PaCBAM includes a script to generate visual data reports written in python.
It provides different graphs for every output file:
rc: gc content and region coverage distributions
snps: total SNPs count, total distribution and quantile distributions of alternative heterozygous and alternative homozygous SNPs
pabs: base modification count and strand bias distribution
pileup: cumulative coverage and allelic fraction distributions
Python 3.6.8
Numpy 1.17.3
matplotlib 3.1.1
The report scripts expect as input the prefix of the output files from PaCBAM and the mode in which it was runned.
Usage:
./pacbam_report.py -i/--input string -m/--mode int [-o/--output string] [-s/--strandBias]
-i INPUT, --input INPUT
Specify the input file prefix
-m MODE, --mode MODE
Specify the mode used
-o OUTPUT, --output OUTPUT
Specify the output file name (Default input.pdf)
-s, --strandBias
Plots the strand bias distribution
Mode option:
0 Files: .rc, .snps and .pabs
1 Files: .rc, .snps, .pabs and .pileup
2 Files: .snps
3 Files: .rc
4 Files: .pileup
StrandBias reporting is available only in modes 0 and 1.
The following command computes the visual reports for the example data.
./pacbam_report.py -i example/NGSData -m 1 -o reports/reports.pdf
If you are using a container:
docker run cibiobcg/pacbam:latest pacbam_report.py -i example/NGSData -m 1 -o reports/reports.pdf
singularity run pacbam.simg pacbam_report.py -i example/NGSData -m 1 -o reports/reports.pdf
The report script produces a single pdf file with all the graphs of the choosen mode.
Example of PaCBAM reporting the cumulative coverage distribution for all positions reported in the PaCBAM pileup output file.
Example of PaCBAM reporting on allelic fraction (AF) distribution of all positions contained in the PaCBAM SNPs output file.
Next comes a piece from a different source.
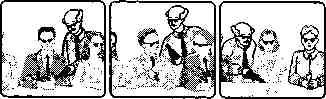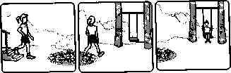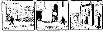 Упражнение 14. Сначала продумайте содержание кадра, то есть — какие события в нем будут происходить. Когда этот мысленный сценарий будет у вас готов, обратитесь к своим «актерам» и подробно расскажите им, что вы придумали. Актеры — народ весьма капризный, им может что-то не понравиться и все ваши старания пойдут насмарку. Если актеры предлагают вам что-то свое — соглашайтесь. В данном случае важно не содержание кадра, то есть не что именно вы будете снимать, а то, что вы вообще сможете снять постановочный кадр. Постарайтесь, чтобы в вашем кадре происходило как можно больше естественного движения: грубо говоря, актеры должны ходить, а не стоять или сидеть. Когда вы с исполнителями прийдете к консенсусу относительно сценария кадра, начинается самое сложное и интересное. Вы должны подробно представить себе, как действие будет выглядеть в кадре. Для этого следует нарисовать «раскадровку» — так называется несколько рисунков, на которых изображены начальная, средняя (одна или несколько) и финальная фазы кадра. Сколько именно должно быть рисунков? — Это зависит от сложности вашего кадра, если в нем появляется новый объект (или Объект) — нужен новый рисунок, а если вы делаете (например) панораму, то обязательно нужно изобразить ее начало, середину и конец.

SNPs are classified as heterozygous or alternative homozygous based on standard AF thresholds. Classification is also reported stratified by coverage quartiles.
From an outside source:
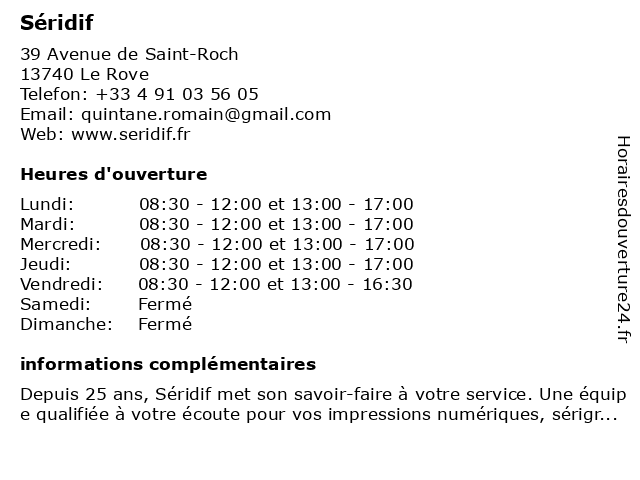 Lundi | 08:30-12:00 et 13:00-17:00 |

Example of PaCBAM reporting on distribution of alternative bases found for each reference base across all positions reported in the PABS PaCBAM output file (i.e. all positions with non-zero variant allelic fraction).
Example of PaCBAM reporting on mean depth of coverage distribution computed across all regions reported in the genomic regions of the PaCBAM output file. Distribution is reported both for regions overall mean coverage and for regions fractions maximizing mean coverage.
PaCBAM is released under MIT licence.
Samuel Valentini, Tarcisio Fedrizzi, Francesca Demichelis, Alessandro Romanel. PaCBAM: fast and scalable processing of whole exome and targeted sequencing data. BMC Genomics, 20:1018, 2019.